[Dataset entries]
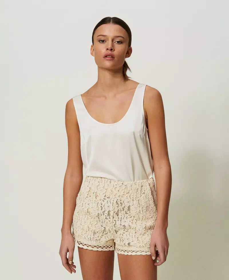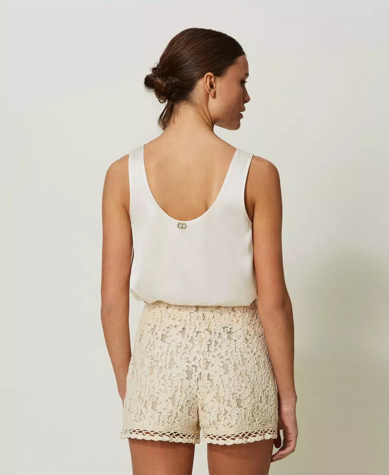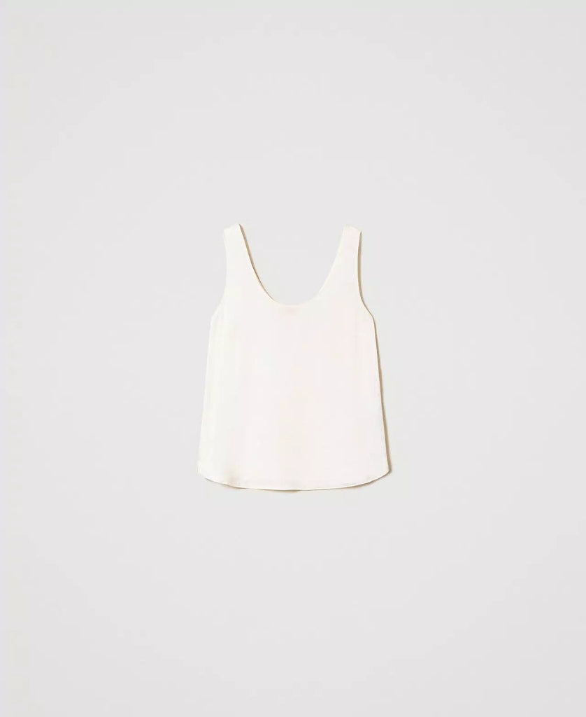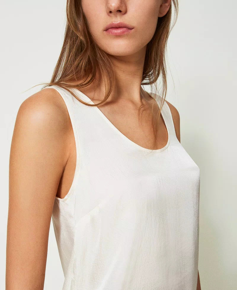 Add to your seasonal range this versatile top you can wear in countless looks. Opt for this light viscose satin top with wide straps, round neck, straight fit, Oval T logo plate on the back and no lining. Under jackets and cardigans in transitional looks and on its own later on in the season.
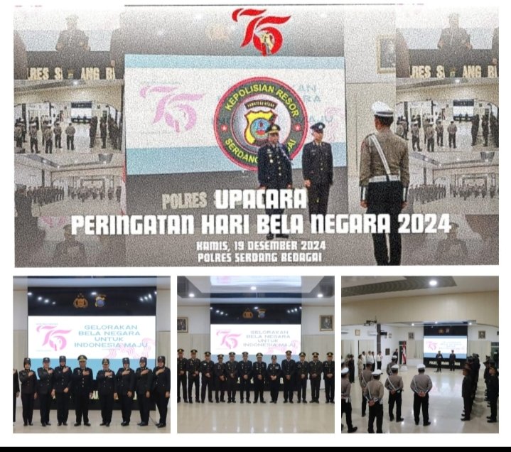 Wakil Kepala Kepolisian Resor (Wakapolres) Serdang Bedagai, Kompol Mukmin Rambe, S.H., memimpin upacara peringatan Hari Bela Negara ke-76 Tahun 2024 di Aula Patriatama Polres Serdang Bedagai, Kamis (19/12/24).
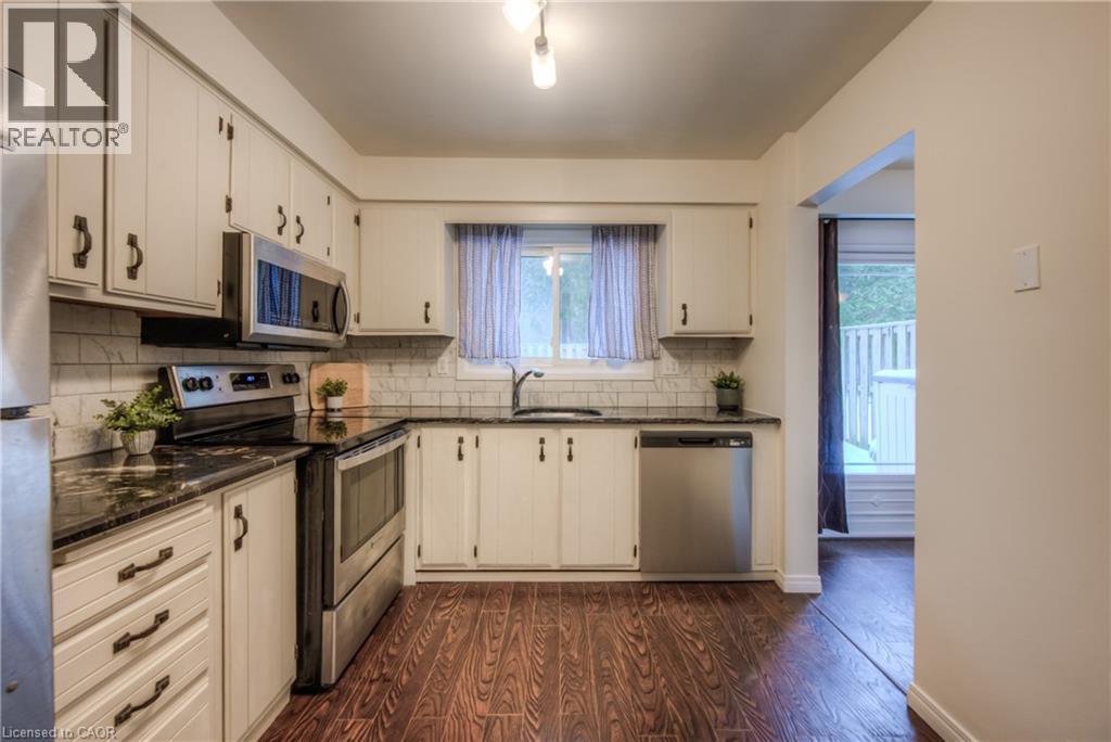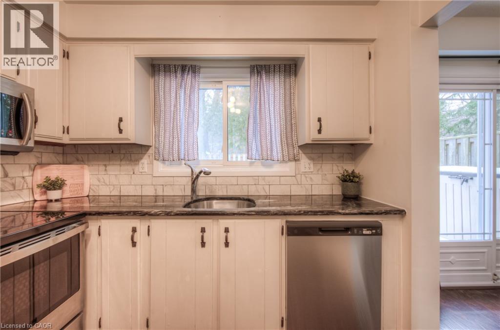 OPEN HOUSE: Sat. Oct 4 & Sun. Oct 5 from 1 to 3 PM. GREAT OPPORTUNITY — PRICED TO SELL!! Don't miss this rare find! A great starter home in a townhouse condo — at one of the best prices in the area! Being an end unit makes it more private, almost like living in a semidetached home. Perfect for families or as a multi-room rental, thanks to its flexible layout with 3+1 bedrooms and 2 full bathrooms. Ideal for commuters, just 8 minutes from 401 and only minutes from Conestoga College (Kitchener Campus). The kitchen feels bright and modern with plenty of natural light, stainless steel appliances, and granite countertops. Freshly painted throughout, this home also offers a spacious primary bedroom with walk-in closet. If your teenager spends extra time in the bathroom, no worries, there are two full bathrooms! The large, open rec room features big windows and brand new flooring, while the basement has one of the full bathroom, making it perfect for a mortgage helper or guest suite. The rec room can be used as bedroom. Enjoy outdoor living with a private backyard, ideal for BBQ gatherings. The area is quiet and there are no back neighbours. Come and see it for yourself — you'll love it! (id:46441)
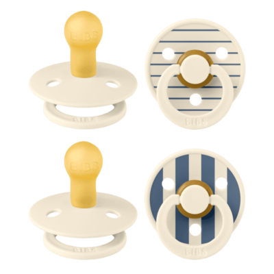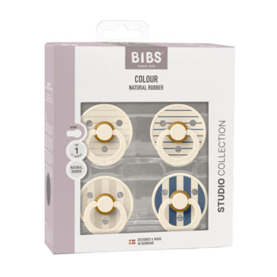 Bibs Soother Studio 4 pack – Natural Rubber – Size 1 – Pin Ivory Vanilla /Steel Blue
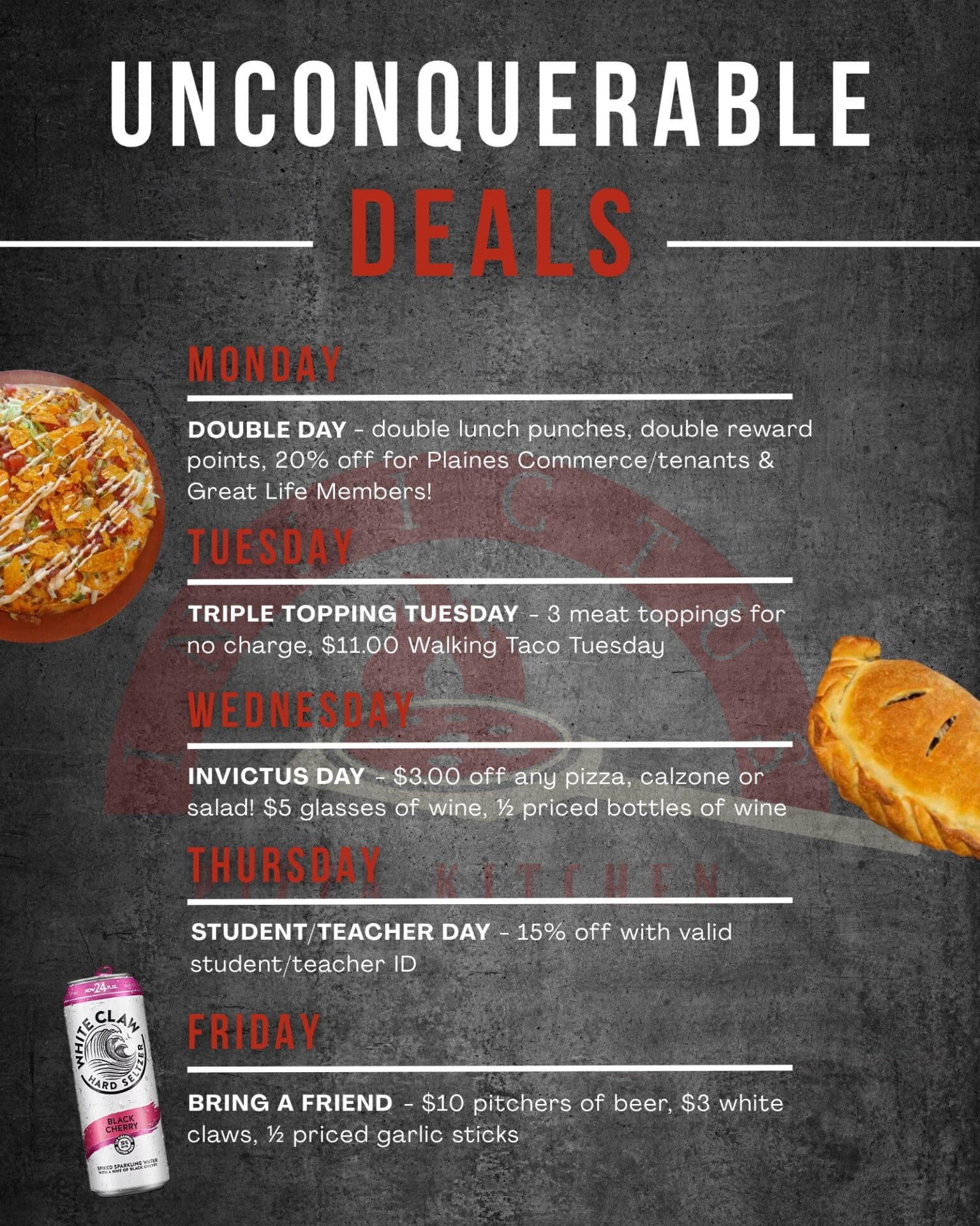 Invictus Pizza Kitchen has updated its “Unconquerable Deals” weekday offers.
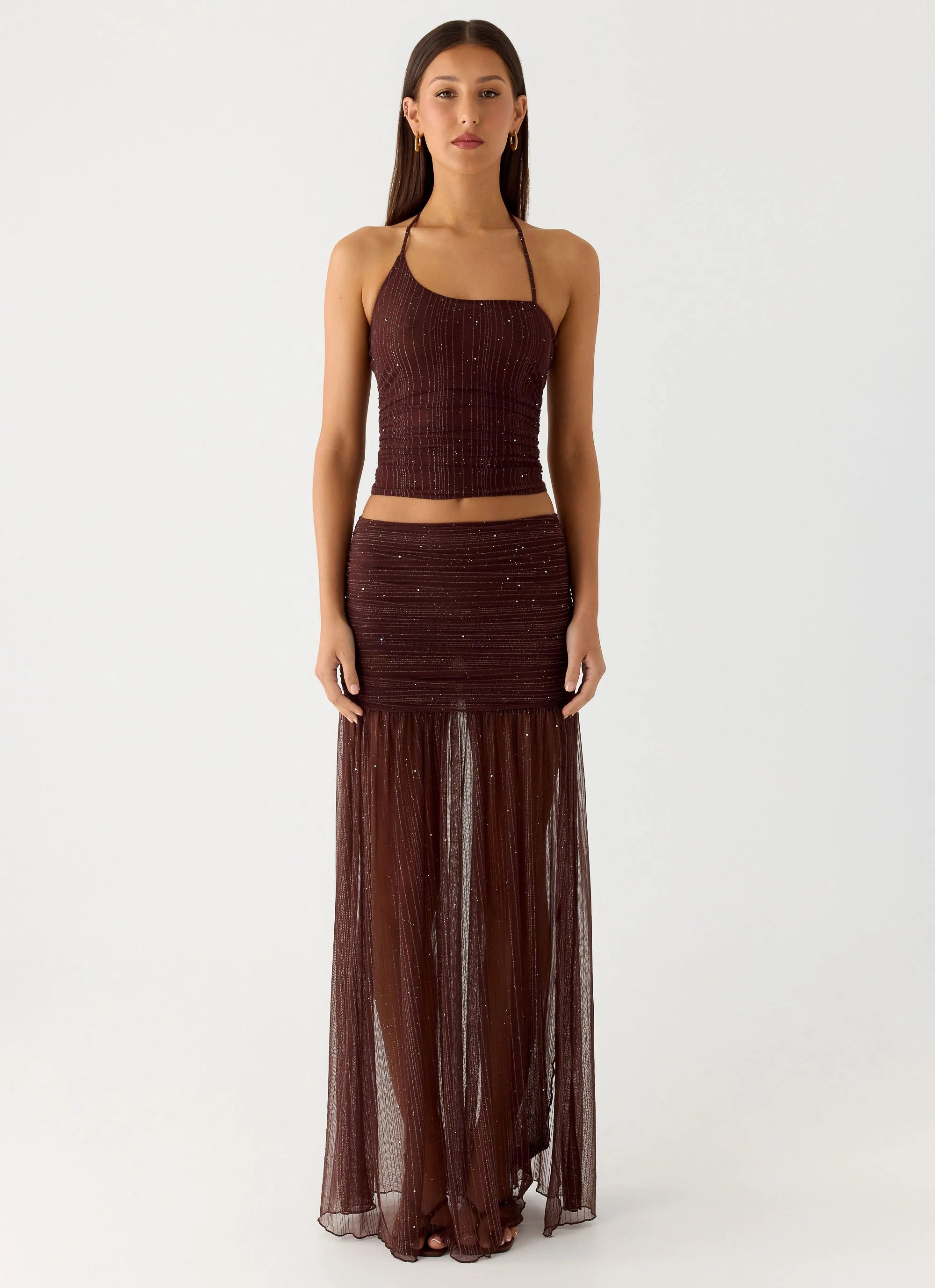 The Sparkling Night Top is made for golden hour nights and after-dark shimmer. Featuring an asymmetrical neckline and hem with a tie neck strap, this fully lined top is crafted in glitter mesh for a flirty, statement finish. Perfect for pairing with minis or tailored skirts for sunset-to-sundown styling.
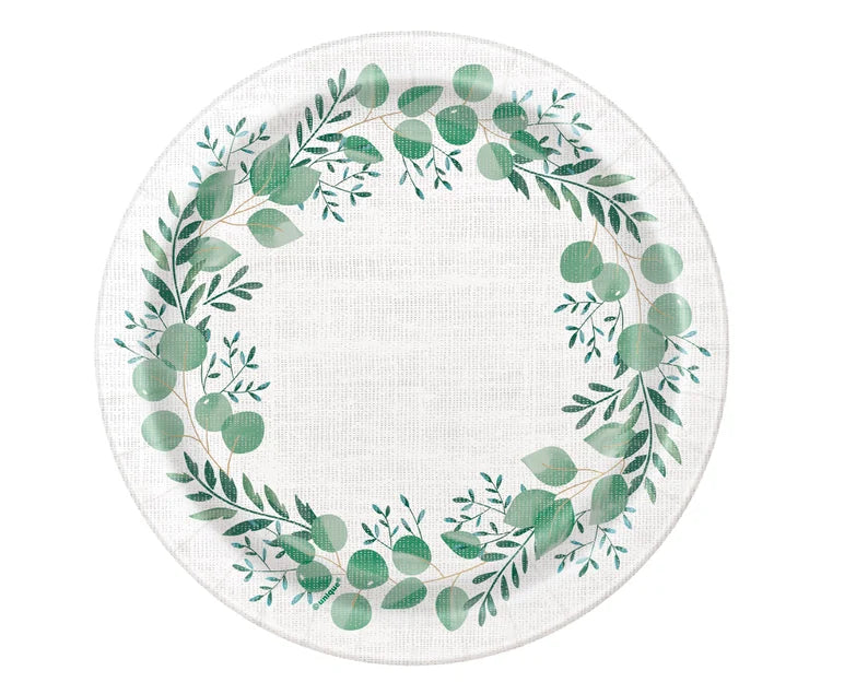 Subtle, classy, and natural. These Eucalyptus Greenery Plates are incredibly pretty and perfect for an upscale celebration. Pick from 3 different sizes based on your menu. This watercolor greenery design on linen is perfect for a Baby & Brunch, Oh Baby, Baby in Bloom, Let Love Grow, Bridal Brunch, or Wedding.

> Task instructions:
Both the first line of the records above and the line containing "Wakil Kepala Kepolisian" belong in the copy; please return them and every line between, exactly, minus the pictures.

> Answer below:
 Add to your seasonal range this versatile top you can wear in countless looks. Opt for this light viscose satin top with wide straps, round neck, straight fit, Oval T logo plate on the back and no lining. Under jackets and cardigans in transitional looks and on its own later on in the season.
 Wakil Kepala Kepolisian Resor (Wakapolres) Serdang Bedagai, Kompol Mukmin Rambe, S.H., memimpin upacara peringatan Hari Bela Negara ke-76 Tahun 2024 di Aula Patriatama Polres Serdang Bedagai, Kamis (19/12/24).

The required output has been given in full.